■ **Work instruction**
Repeat the entire listing exactly. Omit all pictures.

(Beginning of Recorded data)

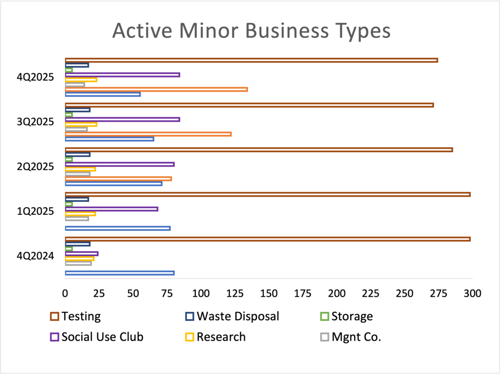 The minor license categories, those with fewer than 300 active licenses nationally, provide a window into emerging trends and niche markets. Activity here was mixed in 2025, with new concepts showing strong growth while older, more traditional support sectors declined.
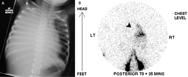 Computed tomography of the chest excluded a mediastinal mass. Tests were negative for tumour markers, including α-fetoprotein, β-human chorionic gonadotropin and urinary biogenic amines. A Mantoux test returned a non-reactive result (diameter, 0 mm). Radionuclide lymphoscintigraphy (Box, B) confirmed normal lymphatic anatomy, but also detected rapid drainage of lymph into the right side of the chest.
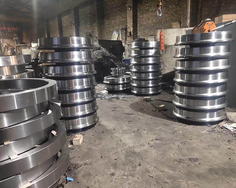 大型法蘭是先把中板割成合適的條子,條子的長短根據(jù)大型法蘭的規(guī)格而定。然后用卷環(huán)機(jī)卷制成圓圈,用焊條把接口處焊接牢固,焊口處要進(jìn)行X光譜檢驗(yàn)。再用壓力機(jī)將其壓平,再用車床進(jìn)行加工水線、倒角等工藝,用分度盤配合鉆孔機(jī)進(jìn)行螺栓孔的打孔的加工。在打螺栓孔的時(shí)候是不可以把螺栓孔打在有大型法蘭焊口的地方的。

(End of Recorded data)

■ **Task answer**
 The minor license categories, those with fewer than 300 active licenses nationally, provide a window into emerging trends and niche markets. Activity here was mixed in 2025, with new concepts showing strong growth while older, more traditional support sectors declined.
 Computed tomography of the chest excluded a mediastinal mass. Tests were negative for tumour markers, including α-fetoprotein, β-human chorionic gonadotropin and urinary biogenic amines. A Mantoux test returned a non-reactive result (diameter, 0 mm). Radionuclide lymphoscintigraphy (Box, B) confirmed normal lymphatic anatomy, but also detected rapid drainage of lymph into the right side of the chest.
 大型法蘭是先把中板割成合適的條子,條子的長短根據(jù)大型法蘭的規(guī)格而定。然后用卷環(huán)機(jī)卷制成圓圈,用焊條把接口處焊接牢固,焊口處要進(jìn)行X光譜檢驗(yàn)。再用壓力機(jī)將其壓平,再用車床進(jìn)行加工水線、倒角等工藝,用分度盤配合鉆孔機(jī)進(jìn)行螺栓孔的打孔的加工。在打螺栓孔的時(shí)候是不可以把螺栓孔打在有大型法蘭焊口的地方的。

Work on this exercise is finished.